The material is framed around three primary goals:
-
Derive models from first principles — build models starting from fundamental continuous-time dynamics and probabilistic reasoning.
-
Teach the minimal required mathematics — cover only the mathematical tools needed to understand and work with flows and SDEs (ODEs, SDEs, vector fields, numerical integrators).
-
Provide hands-on implementation experience — labs that let students implement and experiment with image, video, and molecular generators so they can build end-to-end systems.
These goals are pursued in parallel: lectures for foundations, labs for implementation, and readings/examples to connect theory to practice.
Representation of generative objects and formalizing generation via probability
Digital objects to be generated (images, videos, molecular structures, etc.) are represented as vectors in R^d.
Generation is formalized as sampling from an unknown data distribution P_data defined over that vector space.
This formalization converts qualitative judgments of sample quality into a quantitative criterion: likelihood under P_data.
Consequently the learning objective becomes: produce a model whose samples are (approximately) drawn from P_data, turning generation into a statistical matching problem.
Conditional versus unconditional generation and conditional data distribution
Unconditional generation produces samples from a single target distribution (for example, the distribution of all dog images).
| Conditional generation defines a conditional data distribution **P_data(x | y)** that specifies the distribution of objects x given a conditioning variable y (prompts, labels, text, or structured specifications). |
| Sampling conditionally means drawing x ~ **P_data(· | y), which enables **controllable generation. |
Conditional generation is the primary focus for subsequent modeling and training because it supports targeted, controllable outputs given y.
Generative model concept and the role of an initial distribution P_init
A generative model is an algorithm that transforms a simple, known initial distribution P_init (commonly an isotropic Gaussian) into the target data distribution P_data via a parameterized mapping.
The modeling goal is therefore to design a transform such that samples drawn from P_init and pushed through the model produce outputs whose distribution matches P_data.
In practice this means parameterizing a continuous-time or discrete mapping and optimizing its parameters so the terminal distribution aligns with the empirical data distribution.
High-level architecture: flow component versus diffusion component
Flow and diffusion frameworks combine a deterministic flow component and a stochastic diffusion component.

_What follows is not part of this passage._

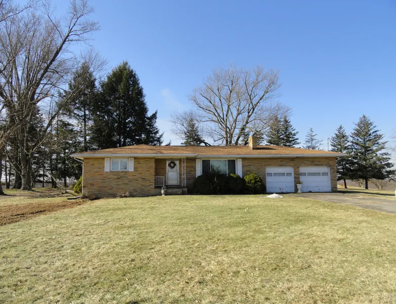 Situated on a mountaintop w/a constant breeze & gorgeous sunset views from rear deck, welcome home to this 2 BR country retreat situated on a full acre of level land. This brick ranch features a spacious LR, large eat-in fully equipped kitchen, formal DR w/convenient access to a cavernous 2-car attached garage. Bring your decorating ideas to finish the very large, open basement w/working wood-burning fireplace, also, large equipped laundry area. Enjoy a large variety of wildlife viewing from the comfort of your back yard deck.

- The flow component is a deterministic, continuous-time mapping defined by an ordinary differential equation (ODE).
- Understanding the flow component is foundational because it forms the conceptual basis for the stochastic extensions that define diffusion models.
Diffusion models extend this deterministic picture by adding controlled stochasticity to allow probabilistic exploration and density modeling.
Trajectory, vector field, and ordinary differential equation (ODE) definitions
Trajectory: a time-indexed function x(t) mapping a time interval (commonly [0,1]) to R^d — it describes the state of a sample over time.
Vector field: u(t,x) maps each time and spatial location to a velocity vector; it prescribes instantaneous direction and speed.
Ordinary differential equation (ODE): specifies that the time derivative satisfies dx/dt = u(t,x_t) with an initial condition x(0) = x0 — thus trajectories are constrained to follow the instantaneous directions given by the vector field.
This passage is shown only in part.